I thought about this during a recent conference in Baltimore on black global health. The International Conference on Health in the African Diaspora, hosted by the Johns Hopkins Center for Health Disparities Solutions, brought together healthcare professionals and researchers, from across the Western Hemisphere to discuss common health problems among the descendants of African slaves. Black Arts Movement icon Sonia Sanchez set the tone as the keynote speaker July 4, inspiring the crowd with a special poem for the occasion. The award-winning author participated throughout the weeklong conference.
Listening to a sister from Brazil and a brother from Peru discuss high rates of obesity, diabetes, infant deaths and the spread of HIV/AIDS among blacks in their countries sounded like the health crisis of black New York, Chicago, or the Mississippi Delta. Modern racism and the legacy of slavery haunt all of us. Participants also shared solutions and pledged to work together. In fact, according to Dr. Thomas LaVeist, a book and curriculum addressing these health themes are being created for the public and for high school and college educators. Thomas, who happens to be my brother, directs the Hopkins center and is the mastermind behind the conference, which is scheduled to take place every two years.
Solutions are basically what government and institutions can do to end racism and ensure all people have access to quality affordable healthcare and what blacks can do themselves to care for their “temples of the Holy Spirit.”
The black church should be more outspoken in support of increased access to quality affordable care.

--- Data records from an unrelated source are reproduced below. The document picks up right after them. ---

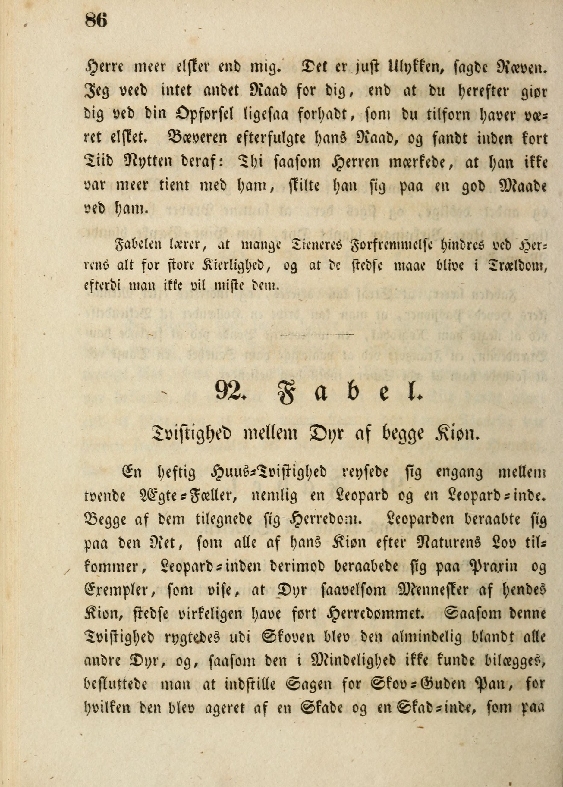 Full resolution (JPEG) - On this page / på denna sida - 91. Rævens Raad til Bæveren - 92. Tvistighed mellem Dyr af begge Kiøn
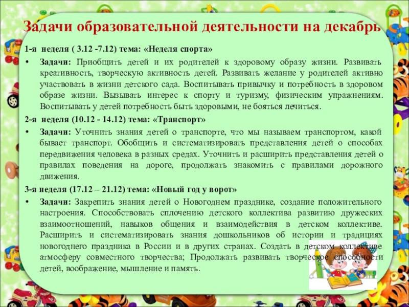 1-я неделя ( 3.12 -7.12) тема: «Неделя
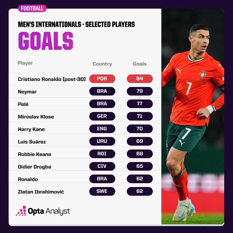2025-03-25 07:00:19越老越妖!30歲后C羅國家隊84球 超內(nèi)馬爾等眾星國家隊進球數(shù)
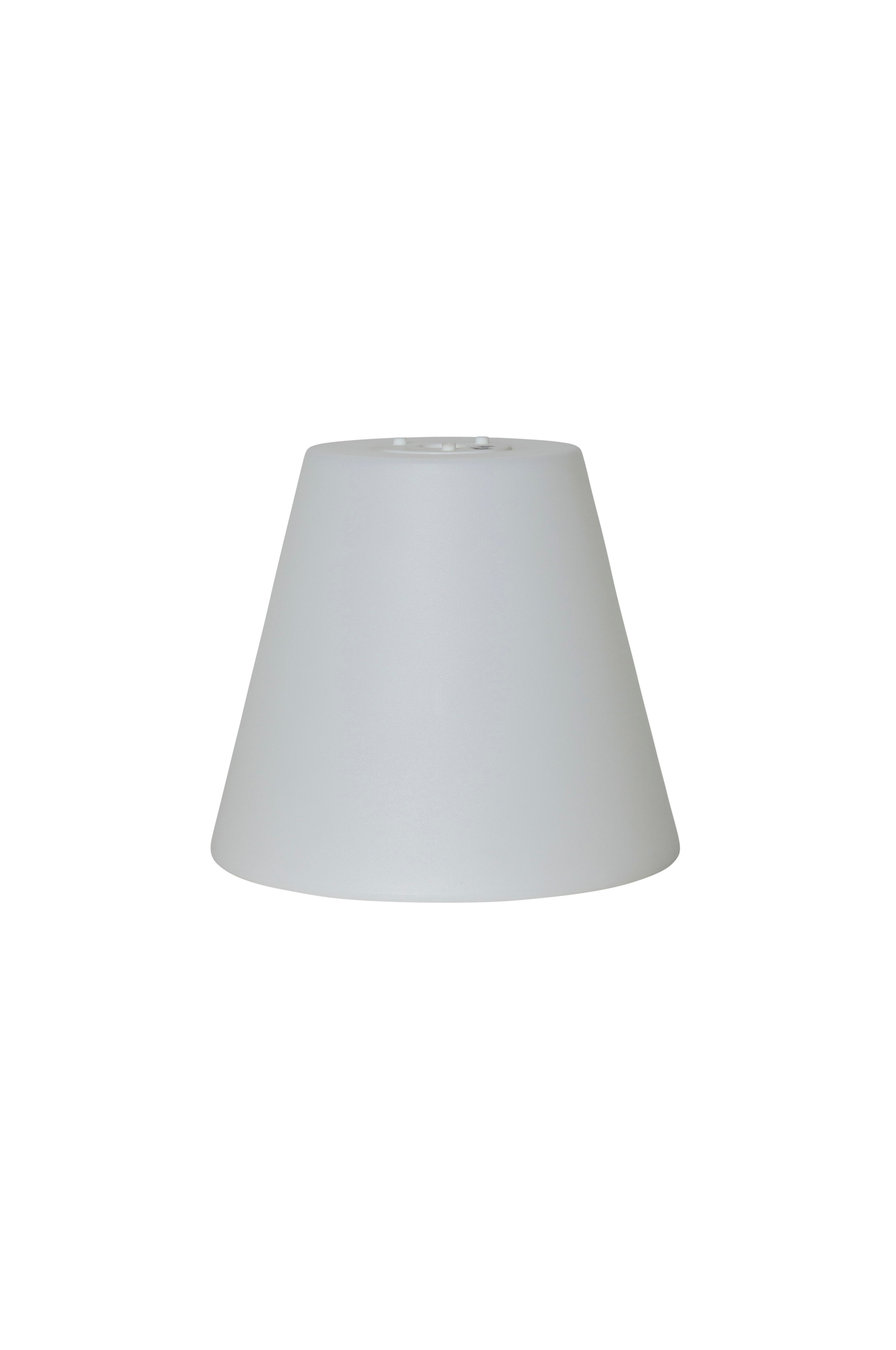 Valkoinen kangasvarjostin ulkokäyttöön.

Our cousins from Canada and Central and South America, who for the most part receive varying degrees well-executed and poorly-executed universal healthcare, are puzzled as to why we richer Americans are debating what the rest of the industrialized world has long settled — that healthcare access is a God-given human right, not a privilege to be determined by profit-seeking private insurance companies.
After the conference, Thomas told me that the Catholic Church (obviously many Catholics are also black) has been the most vocal Christians on healthcare, mainly around the debate on whether Catholic organizations should be mandated to support abortions for employees (some evangelical Protestant organizations have recently joined that fight, too). Thomas suggested the traditional black church denominations could find their unified voice by calling for all Americans to be insured (Obama’s Affordable Care Act would still leave 20 million people uninsured). However, regardless of what the government does, black churches should lead by example with healthier eating and living, he said.
BAD FOR THE SOUL? Black churches are routinely feeding their people unhealthy soul food staples such as fried chicken and macaroni and cheese. Is that biblical?
“Black church culture is out of alignment with some biblical teachings, particularly when it comes to how we eat,” my brother said. “Church culture has got us drinking Kool-Aid, eating white bread, fried chicken, large servings of macaroni and cheese and collard greens drenched with salty hog maws (foods that are high in sugar, salt, calories, and carbohydrates that trigger health problems). We’re eating this in the church basement at dinner and at church conventions! Meanwhile, the Bible teaches against gluttony.”
Don’t judge or condemn those who are obese, but encourage and show everyone how to eat healthy, Thomas added. He cited Pastor Michael Minor of Oak Hill Baptist Church in the Mississippi Delta as pushing the healthy eating message that all black churches should adopt. The Delta is one of America’s poorest areas and leads the nation in obesity, diabetes, and heart disease rates. In 2011, Pastor Minor, known as “the Southern pastor who banned fried chicken in his church,” banished all unhealthy foods and insisted soul food meals be prepared in healthier ways; many of his members are losing weight and improving their overall health. Other churches across the country such as, First Baptist Church of Glenarden in Upper Marlboro, Maryland, are on similar missions.
Ask yourself, when it comes to health, what is the black church best known for?
What might the state of black health in America (and the African diaspora) be if your answer was healthy eating and living?